This regular expression works to capture IP addresses. I need one to capture this format:
(1.1.1.1,230.1.1.1)
How do I find a proper RegEx?
I would like to extract (S,G) as:
1.1.1.1 230.1.1.1
(...)
match = re.findall(r'^((25[0-5]|2[0-4][0-9]|[01]?[0-9][0-9]?)\.){3}(25[0-5]|2[0-4][0-9]|[01]?[0-9][0-9]?)$' , line)
(...)
You already have a pattern for one IP address. Now that you want to find a parenthesized pair of IP addresses, you could just repeat that pattern, putting , in between and \( \). If you want to search multiple lines, you may want to add the multiline flag (?m). To actually capture each address en bloc, you have to enclose it as one more group. This would make:
match = re.findall(r'(?m)^\((((25[0-5]|2[0-4][0-9]|[01]?[0-9][0-9]?)\.){3}(25[0-5]|2[0-4][0-9]|[01]?[0-9][0-9]?))'
+',(((25[0-5]|2[0-4][0-9]|[01]?[0-9][0-9]?)\.){3}(25[0-5]|2[0-4][0-9]|[01]?[0-9][0-9]?))\)$' , line)
for m in match:
S = m[0]
G = m[4]
print S, G
That is of course ugly.
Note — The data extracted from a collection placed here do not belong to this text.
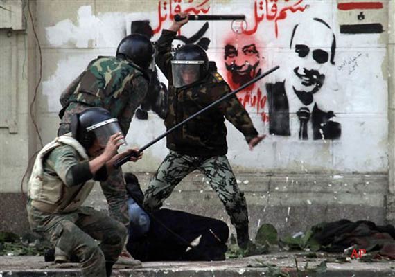 Cairo, Dec 18: Troops pulled women across the pavement by their hair, knocking off their Muslim headscarves. Young activists were kicked in the head until they lay motionless in Cairo's Tahrir Square.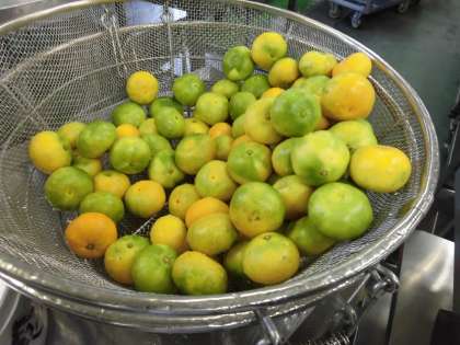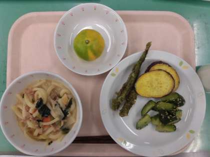 具だくさんの、みそ煮こみうどんができました。野菜やぶた肉をしっかり煮こんだ温かいうどんを食べて、体の芯から温まりました。愛媛県のみかんが届き、洗った後に各学級に配缶しています。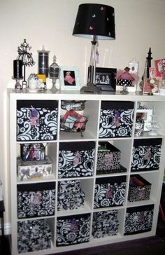 Можно организовать «бюро» самостоятельно, оборудовав обычный открытый комод множеством контейнеров одинаковой формы и размера.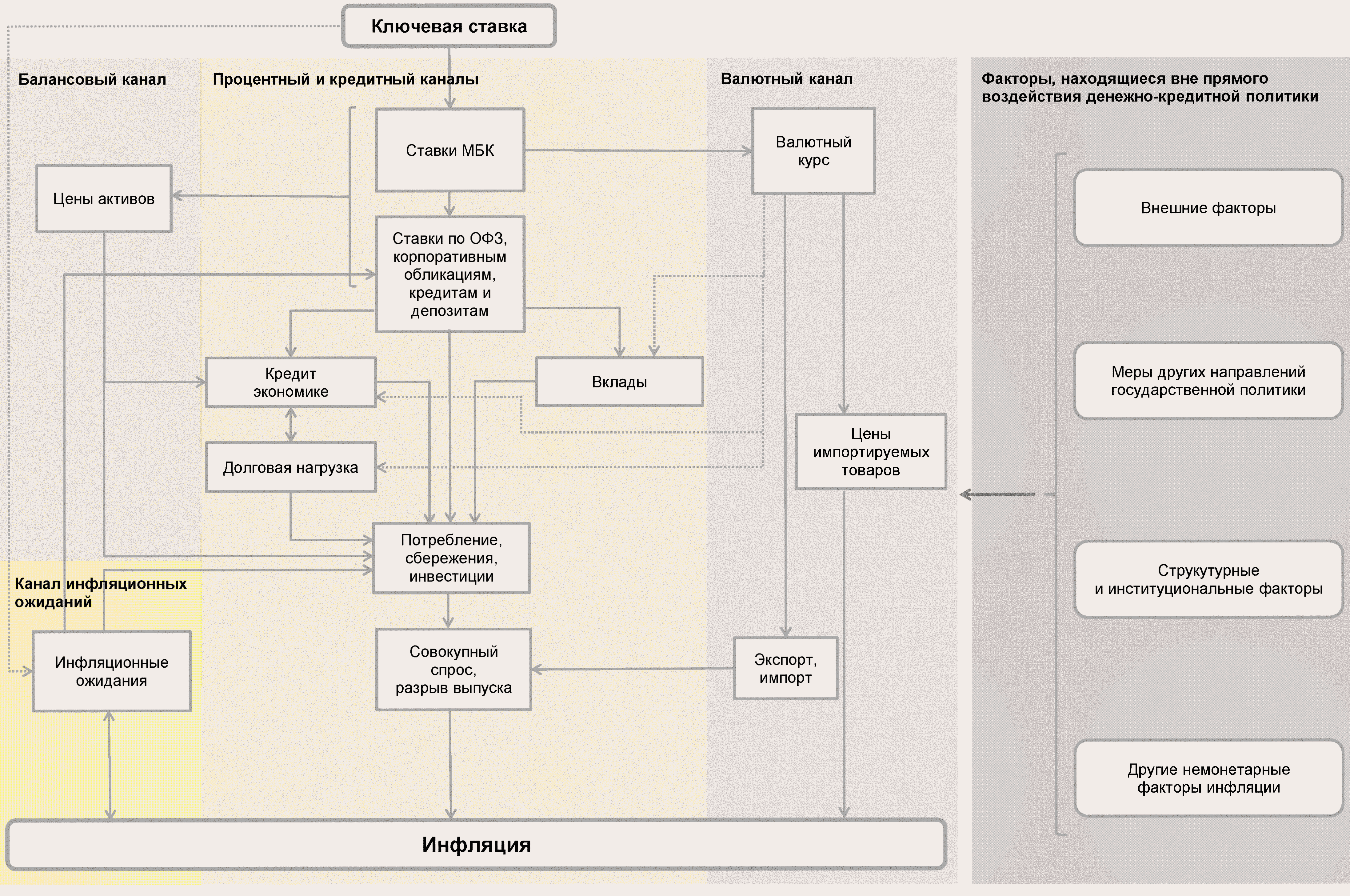 Механизм влияния решений в области денежно-кредитной политики на экономику в целом и ценовую динамику в частности; процесс постепенного распространения сигнала центрального банка о сохранении или изменении ключевой ставки и будущей ее траектории от сегментов финансового рынка на реальный сектор экономики и в итоге на инфляцию. Изменение уровня ключевой ставки транслируется в экономику по различным каналам (процентному, кредитному, валютному, балансовому, каналу инфляционных ожиданий и другим).

We can improve it in a way by factoring out the repeated parts, e. g.:
I = '(?:25[0-5]|2[0-4][0-9]|[01]?[0-9][0-9]?)' # pattern for 1 to 255
IP = '(?:' +I+ '\.){3}' +I # pattern for IP address
SG = '(?m)^\((' +IP+ '),(' +IP+ ')\)$' # pattern for (S,G)
match = re.findall(SG, line);
for S, G in match:
print S, G
Here I also inserted ?: in groups which don't need to be retrieved, so that only the IP addresses remain in the match.